How should I collect/store data?
Google spreadsheets are good in most cases during collection. But once we're done, they should be stored in a way that's long-term readable (e.g., JSON/CSV) and deposited with a library.
You cited me. Can you write a letter for me for immigration purposes?
I have done a number of these letters and most are quite easy and painless. However, I've had a few bad experiences writing these letters, and I'd like to save myself some pain and frustration.
First, I will only write these letters if I know who you are. Just citing a paper (of which there are many authors) is not enough of a relationship. It is much more helpful if we've meet somewhere or if your contribution to the paper is clear (a letter of introduction from your advisor may be useful).
Second, you will need to help me out by sending me material to help me write my letter. This information must be accurate and well-written. I have had people send me information with obvious errors (confusing me with another letter writer; confusing dates; or not understanding the difference between models, datasets, and inferred parameters). If you send me materials with enough errors, I will ask you to find another letter writer (sorry!).
You can get a sense of what I consider to be good writing from my style page. Your material should obey my stylistic conventions and not have useless words. I will obviously edit it myself, but make it as easy as possible for me to do that first. I highly recommend that you have a non-lawyer native English speaker review your material before sending it to me. If you send me materials that are not well written, I will ask you to find another letter writer (sorry!).
Often, these letters will need to be reviewed by a lawyer. I do not want to be exchanging marked-up Word or WordPerfect documents. I am only willing to work with Google Docs for document review. If you and your lawyer are not willing to work with this mode of collaboration, please ask someone else (sorry!).
So, even after a conditional yes, I reserve the right to say no if the material or the collaboration don't meet these conditions.

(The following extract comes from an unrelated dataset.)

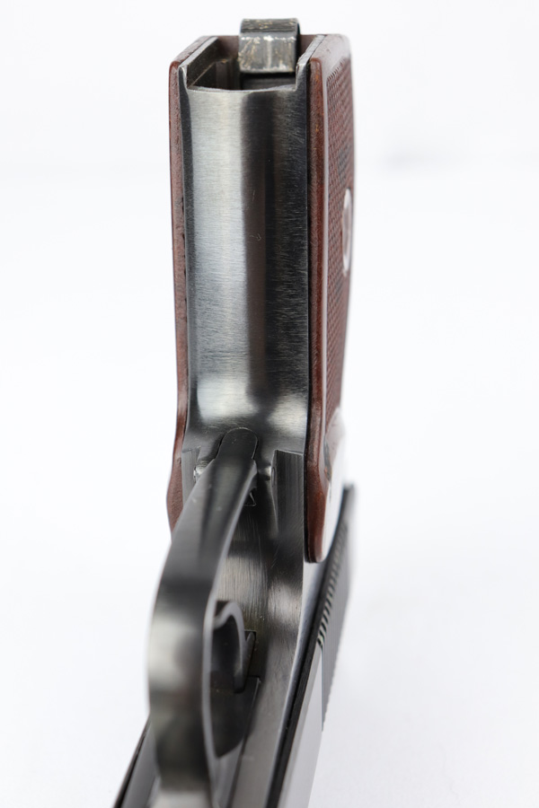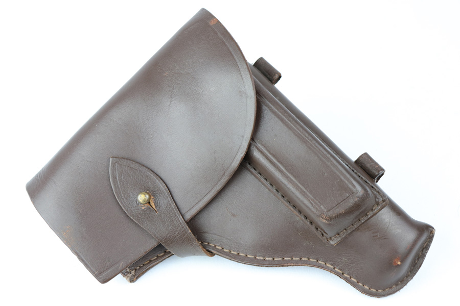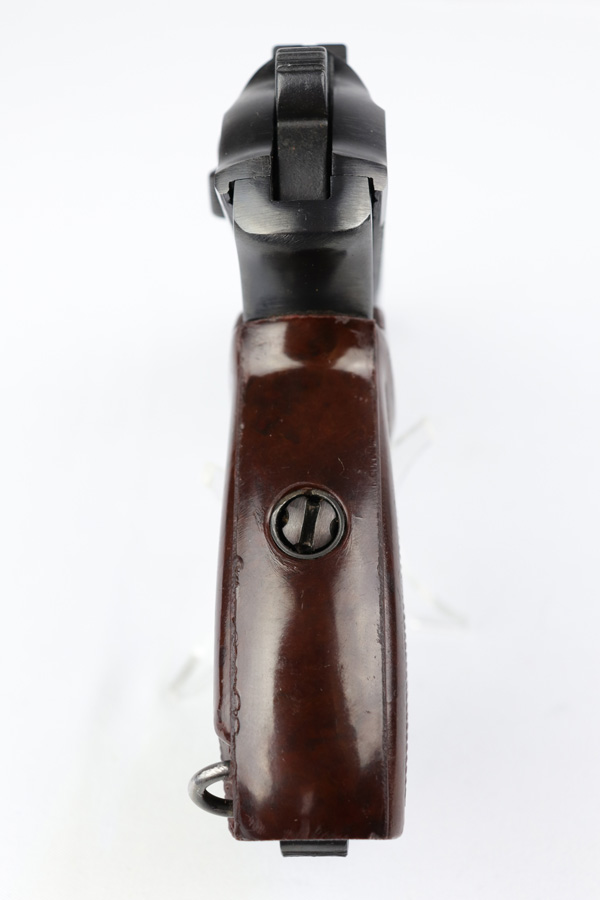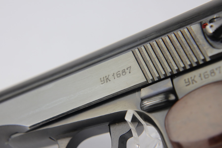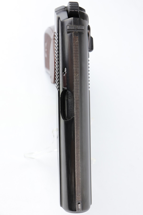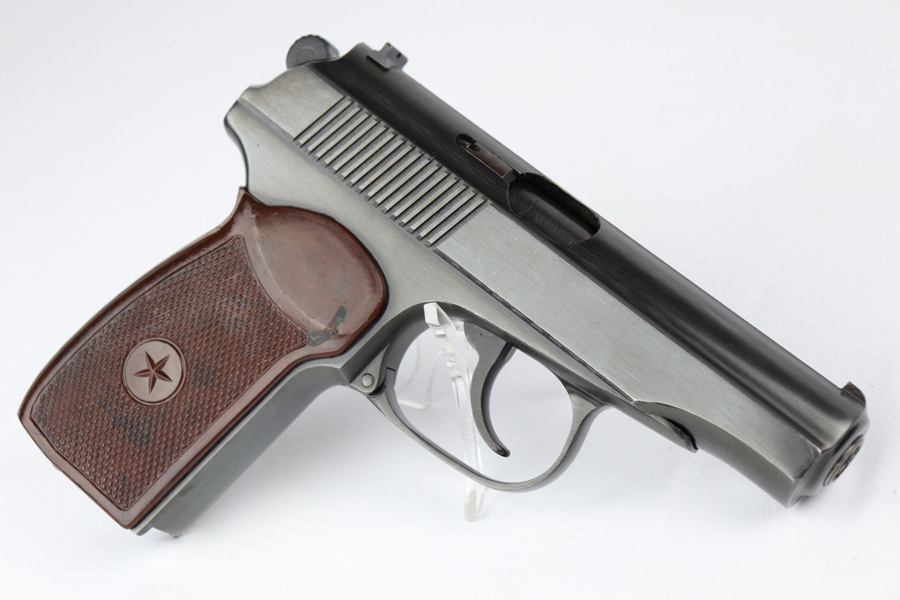 11/1/18 – This is a nearly unfired Russian military Makarov pistol in mint condition with a 1983 dated holster and 2 matching magazines. The gun looks new and was made in 1983. There is just very minor muzzle wear from the holster. It is NOT import marked. Makarov pistols had been produced in Russia in their original configuration since late 1950s with 1983 being the last year of production for the first variation guns. Very similar to Walther PP mechanically, it was chambered for a very potent Makarov 9x18mm caliber, which was closer to 9mm Para. The gun was very robust in construction in order to allow for a simple blowback design to handle such a potent load. At the same time, the gun was fairly light with excellent ergonomics. Used for many years by Russian military and police, many of these guns were imported into US in the 80s and all were import marked. Very few specimens are found that are not import marked and were probably brought into the country through diplomatic channels. Excellent bore and grips.

You're part of an iSchool? What's that?
It's fun. Unlike computer science, which can sometimes ignore humans, iSchools care about the intersection of information, technology, and society. It's a good fit for me because I'm interested in computational social science and human-in-the-loop machine learning.
I'm trying to use your code, but I'm having trouble. How should I get help?

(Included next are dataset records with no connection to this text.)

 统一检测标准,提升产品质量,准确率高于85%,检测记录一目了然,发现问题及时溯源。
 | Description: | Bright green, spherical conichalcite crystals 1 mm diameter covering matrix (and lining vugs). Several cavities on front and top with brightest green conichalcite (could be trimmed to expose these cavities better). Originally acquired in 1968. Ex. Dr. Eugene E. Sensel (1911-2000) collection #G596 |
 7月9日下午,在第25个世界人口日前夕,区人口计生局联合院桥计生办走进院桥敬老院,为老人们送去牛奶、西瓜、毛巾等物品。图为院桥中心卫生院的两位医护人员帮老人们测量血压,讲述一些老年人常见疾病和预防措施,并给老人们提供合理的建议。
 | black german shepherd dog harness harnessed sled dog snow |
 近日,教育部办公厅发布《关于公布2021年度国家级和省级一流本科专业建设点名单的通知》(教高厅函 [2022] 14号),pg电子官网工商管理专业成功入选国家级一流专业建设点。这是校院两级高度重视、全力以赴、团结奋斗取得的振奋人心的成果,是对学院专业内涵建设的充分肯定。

E-mail all of the people who worked on the paper associated with the code with
- a minimal (simple as possible) example that can replicate your problem;
- the inputs that replicate your problem (again, this should be as simple as possible; sending multi-megabyte files is usually not minimal);
- exactly what you did (the exact command line used);
- what you expected to see;
- what you got instead (include error messages and any output); and
- what versions of various resources you're using (NLTK, Java, gcc, boost, protocol buffers, etc.).
This information is necessary for us to help you with your problem. The simpler it is to replicate your problem, the faster you will get a response. More complicated setup take longer for us to try out and debug. If your example is simple enough, we can often see the problem ourselves without running code.
Each e-mail should be self-contained. All the information to reproduce the bug should be in one place. This helps us quickly reproduce the bug, and it also ensures that you've not tweaked anything that might prevent us from isolating the issue.
I have a question about a paper you wrote. What's the best way to ask it?
First, it's great that you are interested in the paper. Thanks so much. E-mail all of the people (not just the first author) who worked on the paper. If you want to increase the probability of a quick reply (or avoid needing one), please:
- Ask a self-contained question. Assume that we've forgotten section numbers, page numbers, etc. associated with the paper.
- Link to the version of the paper that you're reading (try to find the most current one); often mistakes / questions are resolved in later versions. E.g., workshop papers sometimes become conference papers, conference papers sometimes become journal articles.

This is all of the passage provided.